● Task requirements:
With the pictures excluded, repeat every entry exactly.

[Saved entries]
--- START ---
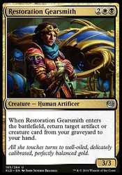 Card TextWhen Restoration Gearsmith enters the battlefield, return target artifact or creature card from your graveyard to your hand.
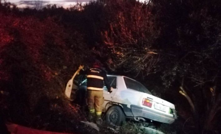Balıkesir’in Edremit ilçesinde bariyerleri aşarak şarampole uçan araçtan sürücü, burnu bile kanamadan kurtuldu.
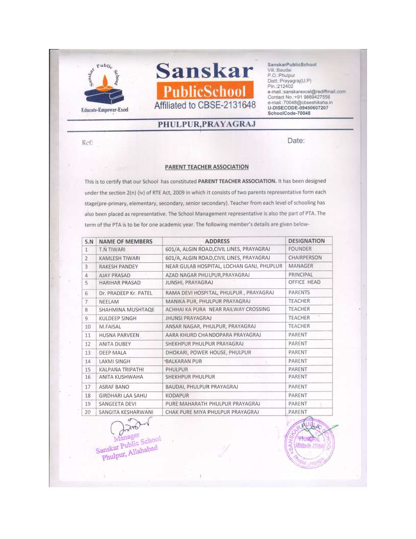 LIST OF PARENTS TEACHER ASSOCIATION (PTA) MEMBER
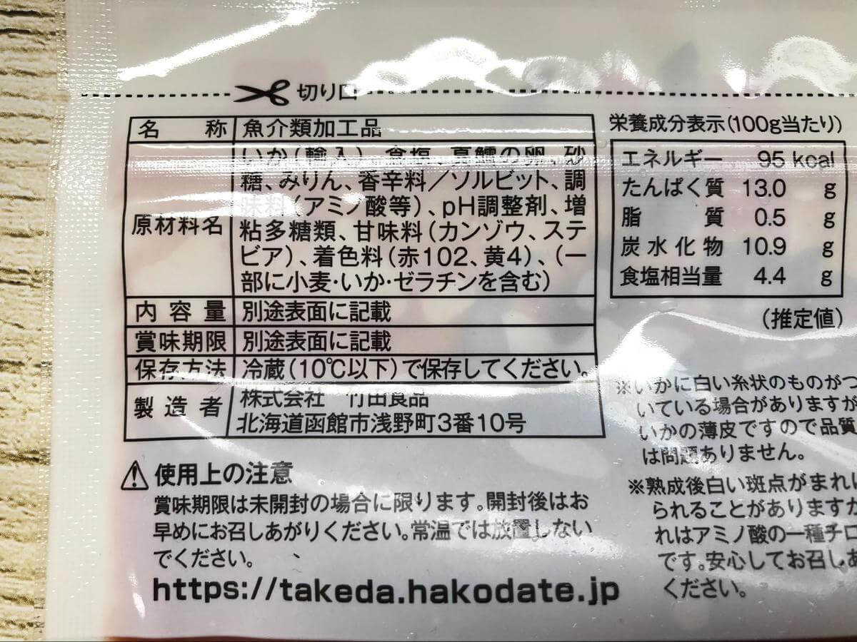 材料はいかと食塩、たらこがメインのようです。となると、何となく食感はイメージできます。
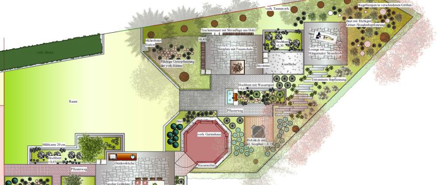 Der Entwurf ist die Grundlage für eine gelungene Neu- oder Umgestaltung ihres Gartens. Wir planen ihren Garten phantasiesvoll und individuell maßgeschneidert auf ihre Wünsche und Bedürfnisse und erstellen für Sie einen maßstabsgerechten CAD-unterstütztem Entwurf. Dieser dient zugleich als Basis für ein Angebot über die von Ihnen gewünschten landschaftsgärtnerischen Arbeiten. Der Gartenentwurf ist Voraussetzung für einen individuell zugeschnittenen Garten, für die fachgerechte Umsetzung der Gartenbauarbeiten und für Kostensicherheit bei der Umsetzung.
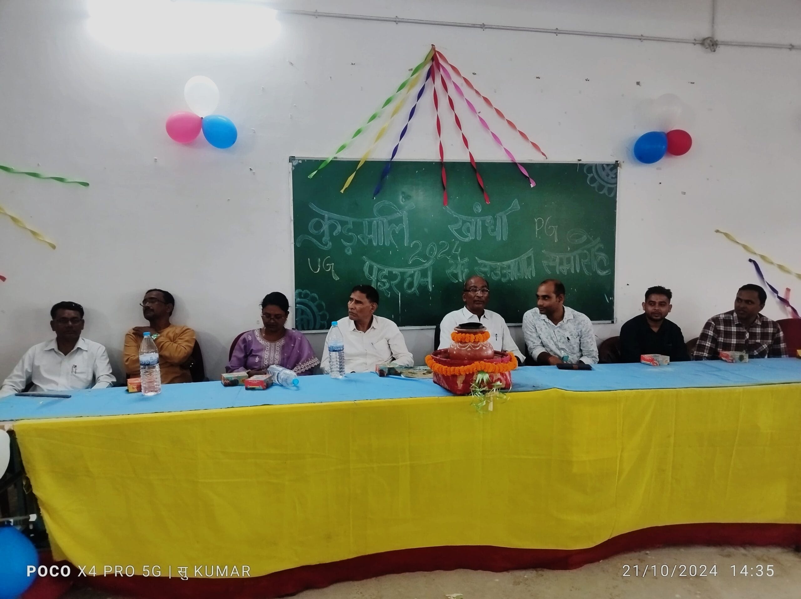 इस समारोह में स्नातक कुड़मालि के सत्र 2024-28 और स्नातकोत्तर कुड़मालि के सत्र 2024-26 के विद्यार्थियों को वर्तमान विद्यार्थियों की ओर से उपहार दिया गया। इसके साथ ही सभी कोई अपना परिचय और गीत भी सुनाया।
--- END ---
● Answer box:
 Card TextWhen Restoration Gearsmith enters the battlefield, return target artifact or creature card from your graveyard to your hand.
Balıkesir’in Edremit ilçesinde bariyerleri aşarak şarampole uçan araçtan sürücü, burnu bile kanamadan kurtuldu.
 LIST OF PARENTS TEACHER ASSOCIATION (PTA) MEMBER
 材料はいかと食塩、たらこがメインのようです。となると、何となく食感はイメージできます。
 Der Entwurf ist die Grundlage für eine gelungene Neu- oder Umgestaltung ihres Gartens. Wir planen ihren Garten phantasiesvoll und individuell maßgeschneidert auf ihre Wünsche und Bedürfnisse und erstellen für Sie einen maßstabsgerechten CAD-unterstütztem Entwurf. Dieser dient zugleich als Basis für ein Angebot über die von Ihnen gewünschten landschaftsgärtnerischen Arbeiten. Der Gartenentwurf ist Voraussetzung für einen individuell zugeschnittenen Garten, für die fachgerechte Umsetzung der Gartenbauarbeiten und für Kostensicherheit bei der Umsetzung.
 इस समारोह में स्नातक कुड़मालि के सत्र 2024-28 और स्नातकोत्तर कुड़मालि के सत्र 2024-26 के विद्यार्थियों को वर्तमान विद्यार्थियों की ओर से उपहार दिया गया। इसके साथ ही सभी कोई अपना परिचय और गीत भी सुनाया।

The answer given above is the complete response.